I've seen the videos and photos, and what I see is runners falling to the ground as the bombs detonate, and then I see scores of police and first responders and volunteers running into harm's way to help those who were injured.  I see people grabbing each other and shielding each other and helping each other after the blast.  I see people using whatever they can get their hands on to lend aid, and I see people staying with the injured so that no one is left alone and afraid.

I will never fear the finish line.

The terrorists failed, again.

Tuesday, April 9, 2013

Snowed In and Swimming

So M and I are driving back home across the country to Oregon.  We got up this morning, saw some dire things on the news about horrendous weather, and decided to book it to try to outrun the storm.

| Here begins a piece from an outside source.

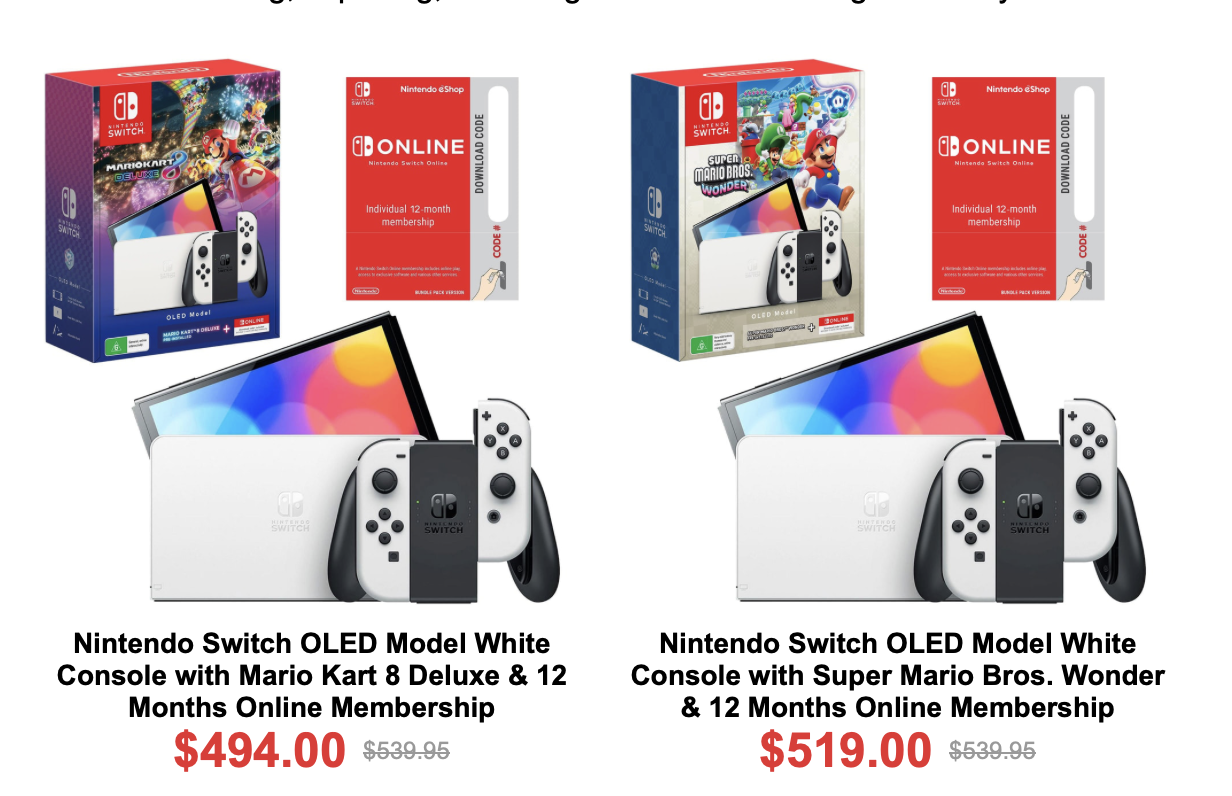 Gamesmen have a good price on Switch OLED bundles, including the Switch OLED with Mario Kart 8 Deluxe, and 12 months of online for $494. The Wonder bundle is a little bit more too. Unlikely you’re wanting an original Switch so close to the Switch 2 reveal though.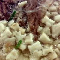 一碗好的泡饃,須先有一鍋煮制成的好湯,好湯的制法當(dāng)然是商業(yè)秘密。只說(shuō)那肉吧,據(jù)行家說(shuō),從開始洗就有講究,有用老井水洗泡,有用流水洗。煮出來(lái)的肉在切之前,老早的講究是要由顧客點(diǎn)選的。筆者曾聽解放前泡饃館的情景:客人掰完饃,伙計(jì)手托擺著肉的案板上前,什么后座(瘦肉)、肚梁搭眼泡,胸口(肉)清肺加肥瘦,依客人自點(diǎn)配肉。那時(shí)吃泡饃肉是肉錢,饃是饃錢??腿它c(diǎn)完吃茶等候,堂倌便依次而唱,例:"樓上三位,頭一碗口湯、肋條搭眼泡……"吃完飯,收帳時(shí)照例要唱頭一碗多少元,第二、三碗多少元,共計(jì)多少元,小費(fèi)多少元。唱完小費(fèi)多少元,全店所有的伙計(jì)都一起朝著客人坐的方向欠身齊喊:"謝!"

Mother Nature did not agree.  The winds were absolutely atrocious.  At one point, the rubber on M's windshield wiper ripped right off and we had to pull over to the nearest Napa for a replacement.  Soon, we saw signs that I-80 was closed down.  We stopped for lunch to stop at a place with wifi to evaluate the weather.  Since the weather was scheduled to go from bad to worse, and as I watched, the I-80 closure was expanded, we cut our losses and holed up at the truck stop La Quinta.

This actually hasn't been all that bad.  We got some bonus rest, I got to do some sink laundry and use my travel laundry line (Rick Steves would be so proud!), and I took M out for a birthday dinner at the truck stop.  It's all romance, with me.

The hotel has a swimming pool.  My first thought was "Oh darn, I didn't bring a swimsuit".  Then, in jest, I asked M if he had his tri shorts handy.  He was not in a swimming mood.  But then I remembered that I had MY tri skirt, AND a sports bra.  Bingo, instant swim suit!  If I'd wear it for an actual tri, then I'd only look a LITTLE ridiculous wearing it in the 3-foot deep section of a hotel swimming pool, eh?

So in I hop.  The water was bathwater warm, so I spent far less time than normal standing on the stairs squeaking about cold water.  I decided to do laps, switching strokes.  So it was breaststroke, crawl stroke, side stroke, and back stroke for about 25 minutes.  Then I did a few minutes of barre3 in the deep end.  Because wearing your tri outfit to swim in the hotel pool isn't weird enough.  I didn't have my goggles, so I did get a little red in the eyes.  But it was very nice to do something and blow off some more steam.

All in all, this is a much more pleasant stranding than last summer's dreadful incident.  We have a nice 24/7 truck stop with three options of eatings, a really cozy clean hotel that is as far from the Sketch-o-riffic Motel of last summer as can be, and plenty of fluffy pillows.

And I am really, REALLY glad I am not out there with the tornado warnings, ice, sleet, and frozen roads!